§ **Problem to solve**: Each line from the one containing "1、首先下载kwai快手海外" to the end of the records below should be restated word for word; please leave out all other lines.

[[ Data records, beginning ]]

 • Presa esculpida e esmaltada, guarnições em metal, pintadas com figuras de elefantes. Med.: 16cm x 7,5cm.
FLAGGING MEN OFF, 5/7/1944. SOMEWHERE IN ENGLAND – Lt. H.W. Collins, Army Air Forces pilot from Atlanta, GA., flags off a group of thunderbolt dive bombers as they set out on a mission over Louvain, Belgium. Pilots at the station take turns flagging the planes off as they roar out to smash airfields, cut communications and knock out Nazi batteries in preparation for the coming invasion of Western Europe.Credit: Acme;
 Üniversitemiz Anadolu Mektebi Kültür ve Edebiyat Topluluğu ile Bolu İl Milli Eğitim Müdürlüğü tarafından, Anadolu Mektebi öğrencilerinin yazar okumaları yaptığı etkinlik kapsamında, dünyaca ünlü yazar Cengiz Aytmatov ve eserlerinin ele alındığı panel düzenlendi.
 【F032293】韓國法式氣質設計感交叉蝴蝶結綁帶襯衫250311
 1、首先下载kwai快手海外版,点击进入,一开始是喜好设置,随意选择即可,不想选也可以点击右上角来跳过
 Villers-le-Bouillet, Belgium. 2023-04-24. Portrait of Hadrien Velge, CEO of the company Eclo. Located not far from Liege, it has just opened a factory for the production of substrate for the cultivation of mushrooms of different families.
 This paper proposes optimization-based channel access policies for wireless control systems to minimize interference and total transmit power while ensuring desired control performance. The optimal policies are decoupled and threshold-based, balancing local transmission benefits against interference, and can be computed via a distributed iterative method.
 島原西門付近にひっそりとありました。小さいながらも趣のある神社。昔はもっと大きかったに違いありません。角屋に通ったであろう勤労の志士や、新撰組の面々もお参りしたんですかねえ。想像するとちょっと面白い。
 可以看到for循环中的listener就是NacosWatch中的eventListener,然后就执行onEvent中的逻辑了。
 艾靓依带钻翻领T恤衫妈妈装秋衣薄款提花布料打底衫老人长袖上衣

[[ Data records, end ]]

§ **Response to the exercise**:
 1、首先下载kwai快手海外版,点击进入,一开始是喜好设置,随意选择即可,不想选也可以点击右上角来跳过
 Villers-le-Bouillet, Belgium. 2023-04-24. Portrait of Hadrien Velge, CEO of the company Eclo. Located not far from Liege, it has just opened a factory for the production of substrate for the cultivation of mushrooms of different families.
 This paper proposes optimization-based channel access policies for wireless control systems to minimize interference and total transmit power while ensuring desired control performance. The optimal policies are decoupled and threshold-based, balancing local transmission benefits against interference, and can be computed via a distributed iterative method.
 島原西門付近にひっそりとありました。小さいながらも趣のある神社。昔はもっと大きかったに違いありません。角屋に通ったであろう勤労の志士や、新撰組の面々もお参りしたんですかねえ。想像するとちょっと面白い。
 可以看到for循环中的listener就是NacosWatch中的eventListener,然后就执行onEvent中的逻辑了。
 艾靓依带钻翻领T恤衫妈妈装秋衣薄款提花布料打底衫老人长袖上衣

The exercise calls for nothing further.